Comissão no Paquistão avança com projeto de lei para combater casamentos e conversões forçadas de menores
Uma comissão da Assembleia da Província de Punjab, no Paquistão, deu um passo significativo na segunda-feira, 13 de abril, ao aprovar um projeto de lei destinado a fortalecer a proteção de meninas, com foco especial em minorias religiosas, contra o casamento infantil e as conversões forçadas. A proposta, conhecida como Projeto de Lei de Restrição ao Casamento Infantil de Punjab de 2026, agora aguarda a aprovação final da assembleia provincial para entrar em vigor.
O texto foi analisado pela comissão permanente de governo local e desenvolvimento comunitário e encaminhado para a finalização das normas. Caso seja votado e aprovado pela Assembleia de Punjab, o projeto visa substituir a legislação de 1929, que estabelecia 18 anos para homens e 16 para mulheres. A nova proposta eleva a idade mínima para 18 anos para ambos os sexos.
Membros da comissão discutiram o objetivo da legislação de reduzir o casamento infantil, combater desigualdades de gênero e ampliar a proteção às crianças. Pir Ashraf Rasool, presidente da comissão, e Zulfiqar Shah se opuseram à proposta, argumentando que ela poderia entrar em conflito com as garantias constitucionais de liberdade religiosa. Rasool explicou que, segundo interpretações da jurisprudência islâmica, o casamento pode ocorrer após a puberdade, e defendeu a inclusão de exceções.
“Pais pobres frequentemente casam suas filhas cedo devido à falta de recursos e preocupações com a segurança delas”
Outros integrantes da comissão rejeitaram a ideia de exceções, alertando que isso poderia comprometer a eficácia da lei e abrir margem para abusos. Rasool indicou que pretende apresentar emendas durante a tramitação do projeto na assembleia.
O projeto classifica o casamento infantil como um crime sem direito a fiança ou acordo. As penas podem chegar a sete anos de prisão e multas de até 1 milhão de rúpias paquistanesas. Registradores de casamento que formalizarem uniões envolvendo menores poderão enfrentar até um ano de prisão e multa. Adultos que se casarem com menores podem ser condenados a dois ou três anos de prisão, além de multa adicional. A coabitação resultante de casamento infantil será tratada como abuso infantil, com penas de cinco a sete anos de reclusão.

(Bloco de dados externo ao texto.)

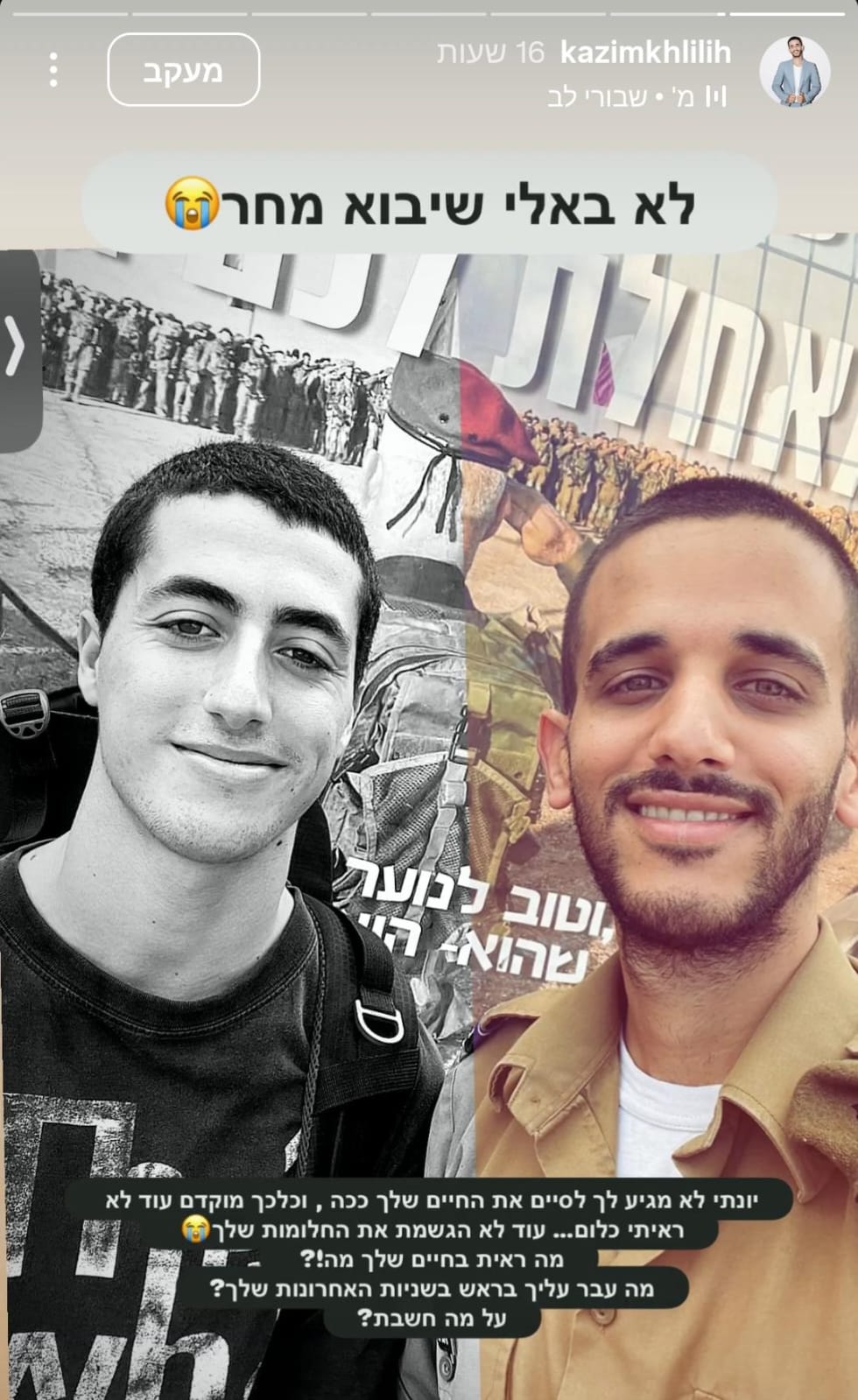 המשפיען שיתף גם סרטון של השניים, והוסיף: "החיוך הכי מושלם של יונתי". הוא הבהיר את עמדתו כלפי עזה והמתגוררים בה: "בחיים לא יהיה אצלי מקום בלב לחמלה לעזתים! לקחו את יונתן ואת הבן דודה שלי. תגידו מה שאתם רוצים אין חמלה ולא תהיה אצלי!"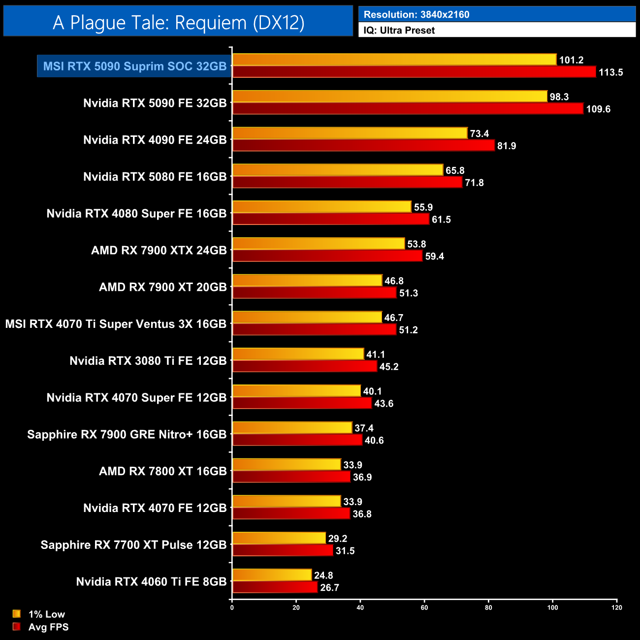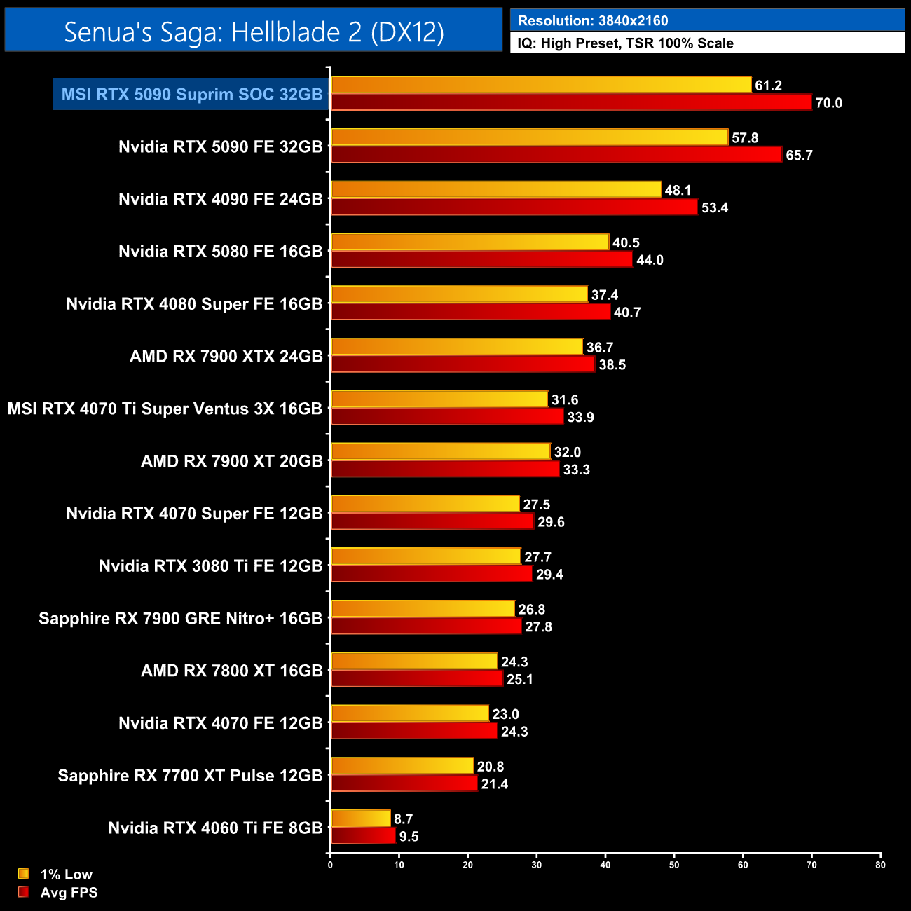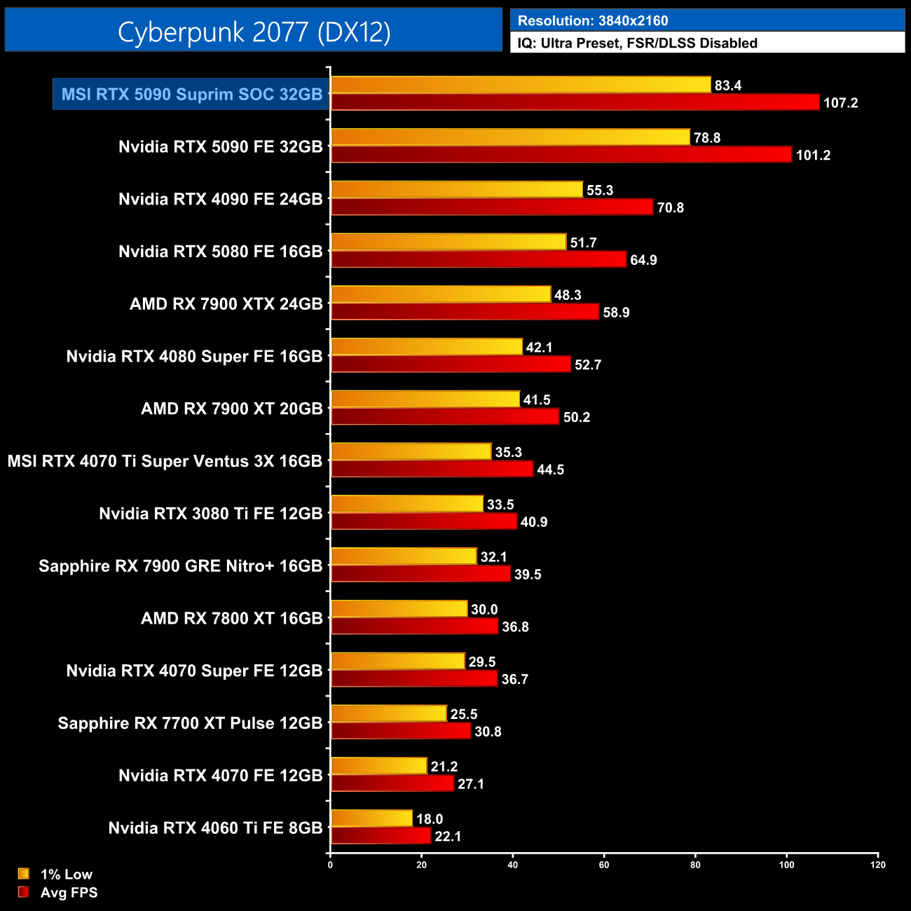 We don't focus too heavily on game benchmarks in our partner cards reviews as performance doesn't tend to change a whole lot when compared to the reference models. With that said, the gains provided by the Suprim were larger than expected – coming in 4-7% faster than the Founders Edition when tested with the Gaming BIOS. It's still not a huge difference, and I'm not sure you'd be able to notice in the real-world, but it's more than nothing.

A legislação também criminaliza o tráfico de crianças associado ao casamento e responsabiliza pais ou responsáveis por facilitarem essas uniões. Todos os casos serão julgados por Tribunais de Sessão, com um prazo máximo de 90 dias para conclusão, visando agilizar os processos judiciais.
Organizações de direitos humanos há anos defendem o aumento da idade mínima para o casamento de meninas, apontando que a legislação anterior expunha adolescentes, especialmente de minorias cristãs e hindus, a casamentos forçados e abusos. Tentativas anteriores de reforma enfrentaram resistência de líderes religiosos e do Conselho de Ideologia Islâmica. Em abril de 2024, o Tribunal Superior de Lahore declarou inconstitucional a diferença de idade entre homens e mulheres na lei de 1929, determinando sua revisão.